В результате у государства нет кадрового ядра, способного действовать стратегически и ответственно. Функции управления подменены показательностью, а реформы видимостью. При этом нехватка доверия к институтам со стороны граждан становится хронической: каждый раз после нового скандала часть общества окончательно разочаровывается в возможности изменений, а другая адаптируется к атмосфере постоянного недоверия. Доверие к государственным органам, где после обвинений чиновники не только не наказаны, но и могут выехать за границу и вести публичную или комфортную жизнь, практически не восстанавливается.
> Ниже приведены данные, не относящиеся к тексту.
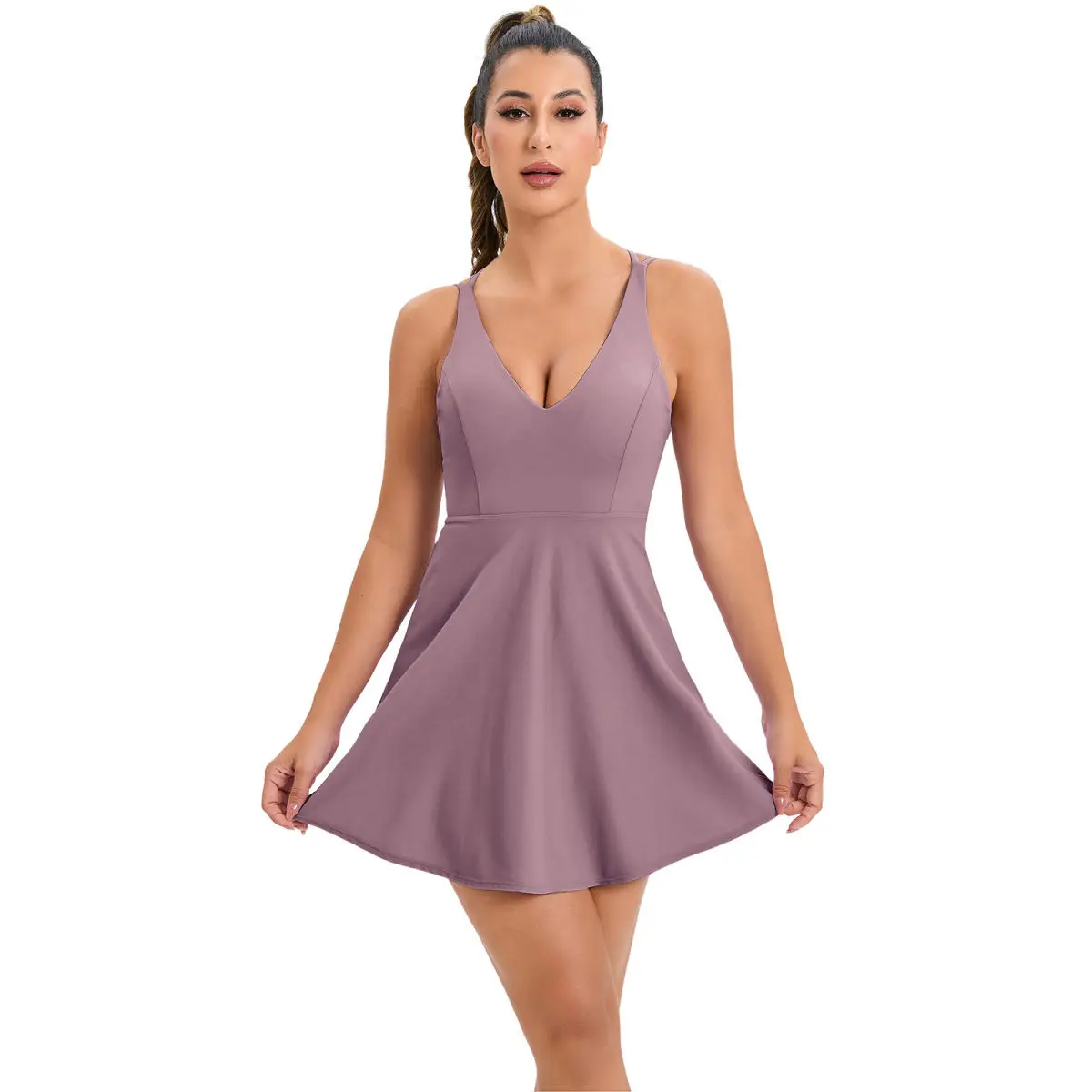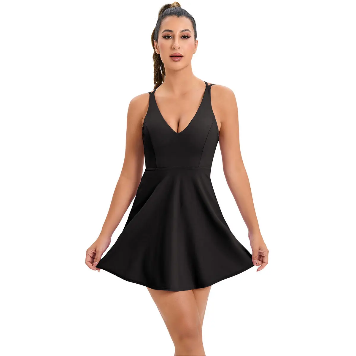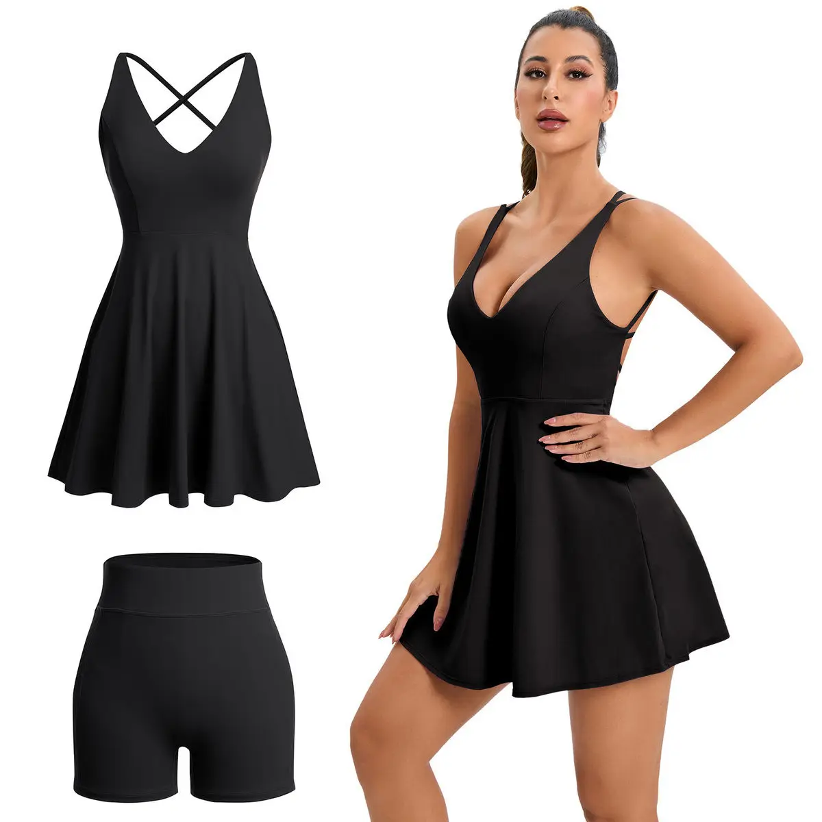 Women's summer tennis skirt built-in shorts and bra sleeveless backless workout sports golf dress tennis dress for fitness

Напротив — уничтожается каждым новым примером избегания ответственности там, где должна быть судебная оценка.
На международном уровне подобная ситуация фиксируется и учитывается. Когда партнеры видят не просто высокий уровень коррупции, а отсутствие реальных последствий для лиц, занимающих более высокие должности, это напрямую влияет на решение о финансировании или военной помощи. В течение 2024-2025 годов западные государства неоднократно отмечали, что поддержка Украины возможна только при условии подтвержденной политической ответственности внутри страны. И это влияние уже ощущается. Замедление или пересмотр отдельных программ финансирования, затягивание процедур, более жесткие условия для последующих пакетов поддержки — все это оказывает непосредственное влияние на работу сектора обороны, стабильность бюджетного планирования и способность вовремя реагировать на риски в тылу. Когда лица, ответственные за стратегическое управление, избираются не по специальности, а по личной приближенности к политическим центрам, это подрывает управляемость не только государственного аппарата, но и общей обороноспособности.
Кадровая безответственность как системная угроза государственности не является абстрактным риском, а практическим фактором дестабилизации, который действует на всех уровнях управления. Приведенные примеры с украинскими чиновниками свидетельствуют о том, что назначение на высокие государственные должности проходит без анализа профессиональной репутации, учета предыдущих действий или конфликтов интересов. При этом удержание чиновника в должности после публичного разоблачения не рассматривается как проблема, а воспринимается как нормальный рабочий процесс.
По состоянию на 2025 год в Украине отсутствует механизм, автоматически запускающий институциональные процедуры проверки управленческих решений в случаях возникновения подозрений, очевидных сбоев или зафиксированных негативных последствий. Формальные полномочия остаются отделенными от какой-либо обязательной ответственности, а назначение, ротации и увольнение чиновников осуществляются как внутриполитические действия, не связанные с внешним аудитом или профессиональной оценкой.
В этих условиях кадровая политика теряет функцию контроля как инструмент государственного управления. Она не предотвращает ошибки и не реагирует на последствия, а лишь фиксирует факт смены должностных лиц без попытки проанализировать причины или последствия их решений. Такая логика формирует прямые угрозы функционированию государства. Если система не может быстро идентифицировать неэффективных или опасных управленцев и заменить их по содержательным критериям, она теряет оперативную способность к самокоррекции. Это касается не только сферы обороны или критической инфраструктуры — такая институциональная инерция распространяется на все уровни принятия решений.
В итоге отсутствие кадровой ответственности создает накопительную угрозу для всей системы государственности. В среднесрочной перспективе это означает постепенную потерю управляемости в ключевых секторах, переход от формального контроля к неформальному влиянию и, как следствие, потерю субъектности государства во внутренней и внешней политике.